Cloud is Secure? Choosing a CSP

Even government is working hard and focusing on cloud computer’s security strengths. So, we should forget conventional windows that say, its inherently less secure.

Are clouds really insecure? Or more secure than conventional IT environments? Growing number of technology experts are making that argument, they are not vender and ever not selling anything but their wisdom tells them about cloud insights. Both government officials and technology enthusiasts expect much in its security.

Their comment on cloud security are often accompanies by the caveat, “if you do it right” cloud security only happens through a combination of vigilance, best practices, and technology including encryption, patching and monitoring.

The shift from in house storage to cloud is an opportunity to rethink security from the ground up, to re-architect networks and data centers in a way that bridges existing gaps. Clouds would be more secure than old data centers. That’s what IT leads and Government officials are foreseeing.

To chose a cloud storage provider depend on your environment and your goals. Small to medium sized concerns may be looking for file sharing and large sized organizations may be are looking it as a backup of existing processes. In fact CSP (Cloud Storage Providers) come into two forms. Some providers are providing complete turnkey system. Some just connect to you via third party software, just physical storage assets in the cloud. So, it truly depends on you which provider you will have to connect to.
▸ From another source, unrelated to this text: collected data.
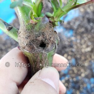 大苗からすでに芽や葉がでている場合、変色や虫食いの有無を確認します。枝や葉に卵を産みつけふ化した幼虫が髄を食害しながら越冬する害虫の被害に遭っていないかを調べます。薔薇ではテッポウムシの被害がありますね。害虫による食害を受けている穴であれば、穴の周囲に木クズがついています。一方で枝の剪定による枯れ込みから穴が開いてしまった苗もあります。
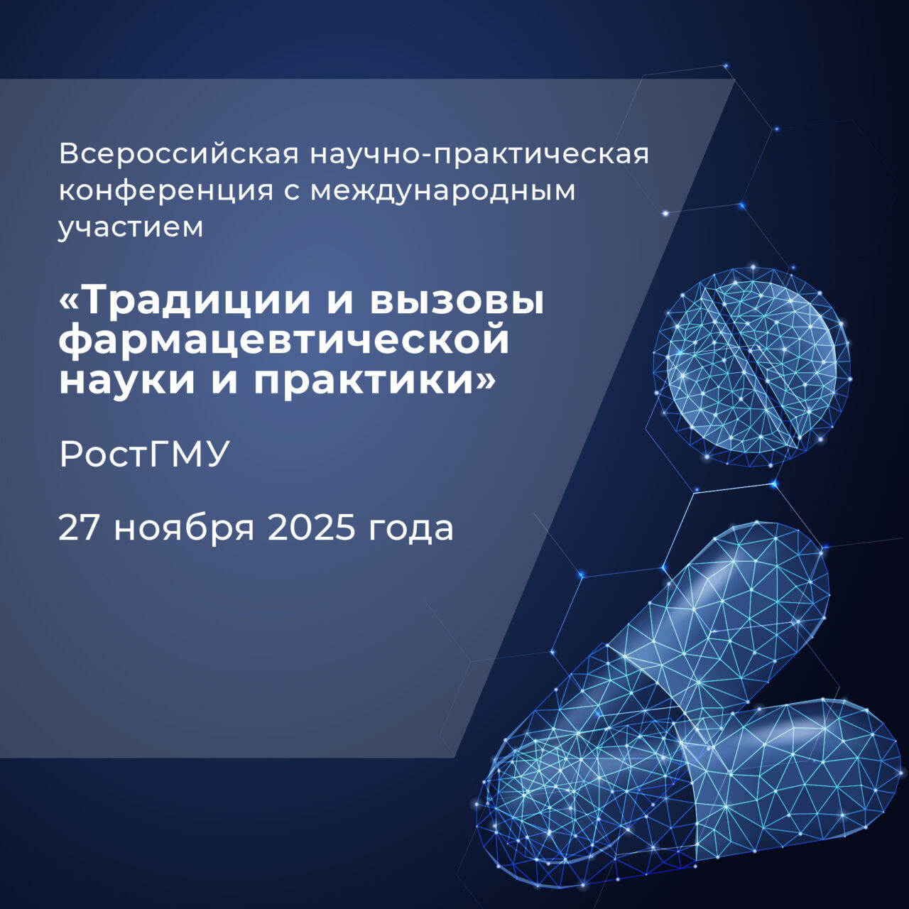 27 ноября 2025 года приглашаем Вас принять участие во Всероссийской научно-практической конференции с международным участием, посвященной 20-летию фармацевтического факультета ФГБОУ ВО «Ростовский государственный медицинский университет» Минздрава России «Традиции и вызовы фармацевтической науки и практики».
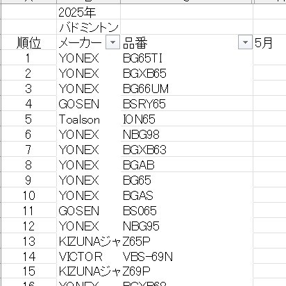 5月のバドミントン張り上げストリングランキング
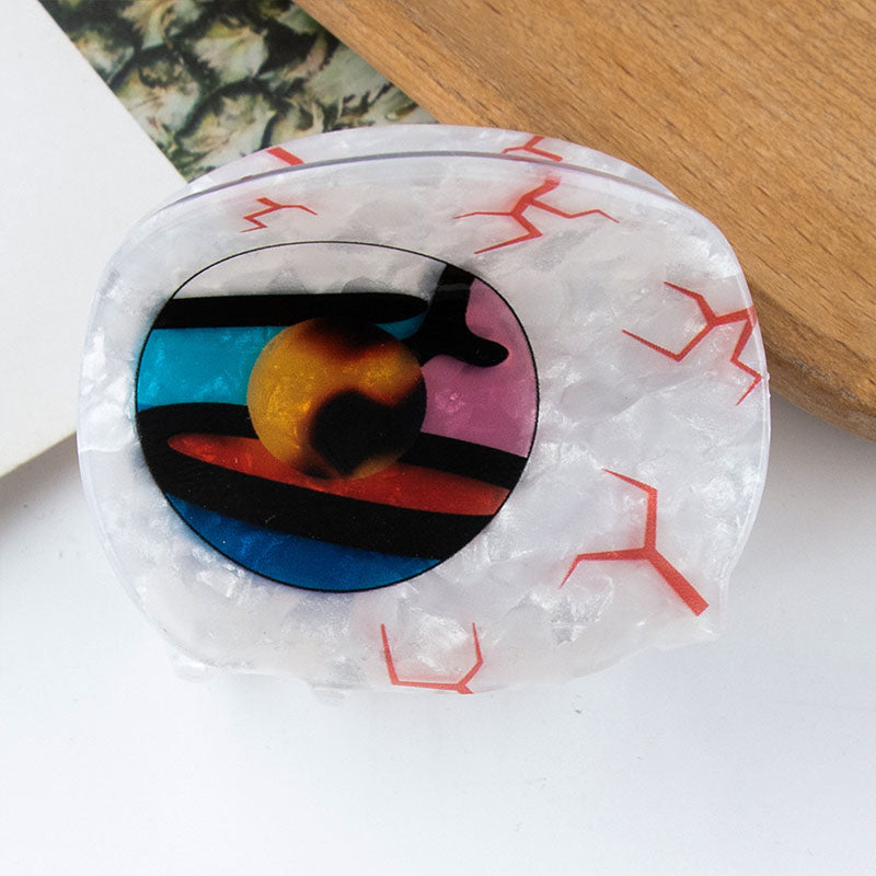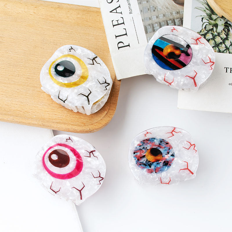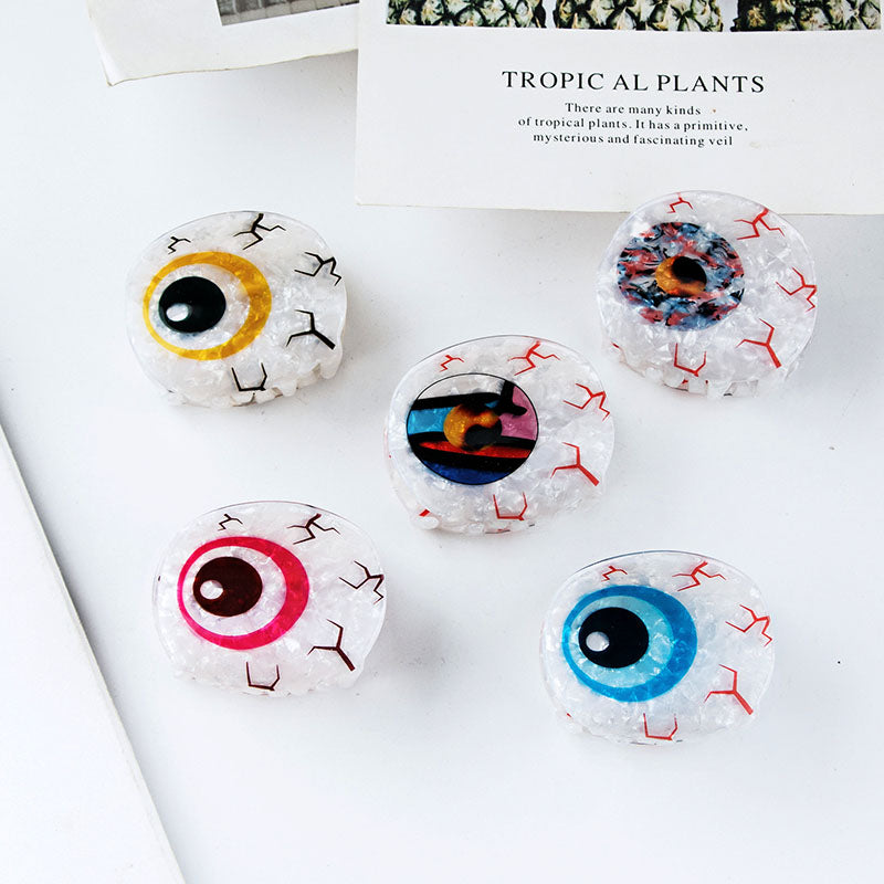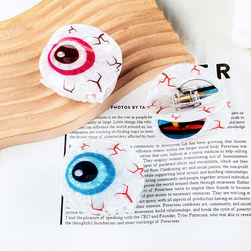 Introducing our distinctive Evil Eye Claw Clip, a chic hair accessory that not only enhances your style but also symbolizes protection and good luck. This unique design is crafted from high-quality acetic acid with a durable plastic base covered in resin, ensuring both beauty and longevity. The eye-catching design makes it an ideal choice for adding a spooky flair to your hairdo for Halloween or a touch of mystery for masquerade balls.

You would see none of these CSP methods is better than the others. Choosing which one makes the most sense for your organization depends on your needs and each of these CSPs can deliver on security, availability, and flexibility—which is more important.

Security is certainly critical regardless of size of organization and of cloud storage. At a minimum you want your data that is at rest in the cloud to be encrypted, this is what you want. The primary motivation is to make sure that, if the CSP hosting your data is responding to a legal action and needs to provide access to data, your data can’t be read, which means nobody has access to your private data.

Storing encrypted data at someone else’s facility and then having that facility come under investigation is going to make for some very interesting legal arguments and is something cannot be explained here. In short, while encryption alone does not free you from a court order, it at least gives you the control over who will and will not see your data.

Now most cloud storage applications use local storage to cache data as it moves back and forth between the Cloud Storage Provider. This local storage should be encrypted, too. Local encryption protects you if a hard drive needs to be disposed of. Unlike a RAID system, although it is still readable, it requires some effort to read data from discarded drives. Now it comes’ the availability. Certainly everyone is focusing on the provider that has minimal chance of an outage.